(Records provided)

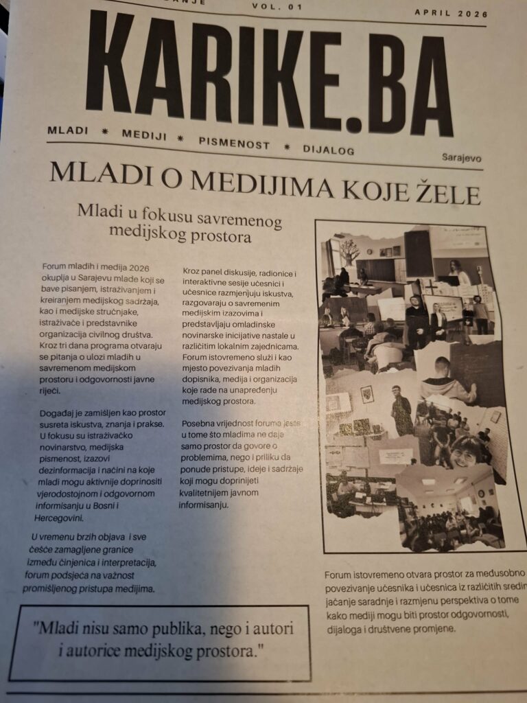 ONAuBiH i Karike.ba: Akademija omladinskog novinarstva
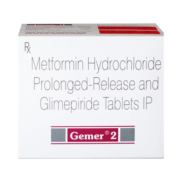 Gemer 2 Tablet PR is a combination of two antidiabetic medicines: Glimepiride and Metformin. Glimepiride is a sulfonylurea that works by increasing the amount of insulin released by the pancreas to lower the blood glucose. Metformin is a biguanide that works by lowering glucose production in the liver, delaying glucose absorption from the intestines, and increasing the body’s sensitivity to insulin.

(End Records provided)
(Records provided)

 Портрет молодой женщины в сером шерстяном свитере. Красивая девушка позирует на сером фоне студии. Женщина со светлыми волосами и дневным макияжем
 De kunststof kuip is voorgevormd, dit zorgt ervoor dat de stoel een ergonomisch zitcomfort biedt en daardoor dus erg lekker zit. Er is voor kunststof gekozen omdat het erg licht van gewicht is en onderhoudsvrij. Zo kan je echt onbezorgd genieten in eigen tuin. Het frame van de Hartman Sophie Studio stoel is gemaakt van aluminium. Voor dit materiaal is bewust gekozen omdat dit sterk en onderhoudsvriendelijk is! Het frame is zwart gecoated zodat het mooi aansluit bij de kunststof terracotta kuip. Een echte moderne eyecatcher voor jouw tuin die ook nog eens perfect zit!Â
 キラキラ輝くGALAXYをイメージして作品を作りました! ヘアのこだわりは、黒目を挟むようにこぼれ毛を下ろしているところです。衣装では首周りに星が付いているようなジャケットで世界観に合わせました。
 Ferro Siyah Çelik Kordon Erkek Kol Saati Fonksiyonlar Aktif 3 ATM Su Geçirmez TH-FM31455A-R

(End Records provided)
(Records provided)

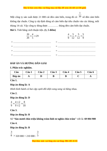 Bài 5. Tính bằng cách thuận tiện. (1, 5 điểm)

(End Records provided)

= Directions for this task =
Set down, from the entries above, exactly the lines from the one with "De kunststof kuip" up to and including the one with "Ferro Siyah Çelik", and no other lines.

= Task result =
 De kunststof kuip is voorgevormd, dit zorgt ervoor dat de stoel een ergonomisch zitcomfort biedt en daardoor dus erg lekker zit. Er is voor kunststof gekozen omdat het erg licht van gewicht is en onderhoudsvrij. Zo kan je echt onbezorgd genieten in eigen tuin. Het frame van de Hartman Sophie Studio stoel is gemaakt van aluminium. Voor dit materiaal is bewust gekozen omdat dit sterk en onderhoudsvriendelijk is! Het frame is zwart gecoated zodat het mooi aansluit bij de kunststof terracotta kuip. Een echte moderne eyecatcher voor jouw tuin die ook nog eens perfect zit!Â
 キラキラ輝くGALAXYをイメージして作品を作りました! ヘアのこだわりは、黒目を挟むようにこぼれ毛を下ろしているところです。衣装では首周りに星が付いているようなジャケットで世界観に合わせました。
 Ferro Siyah Çelik Kordon Erkek Kol Saati Fonksiyonlar Aktif 3 ATM Su Geçirmez TH-FM31455A-R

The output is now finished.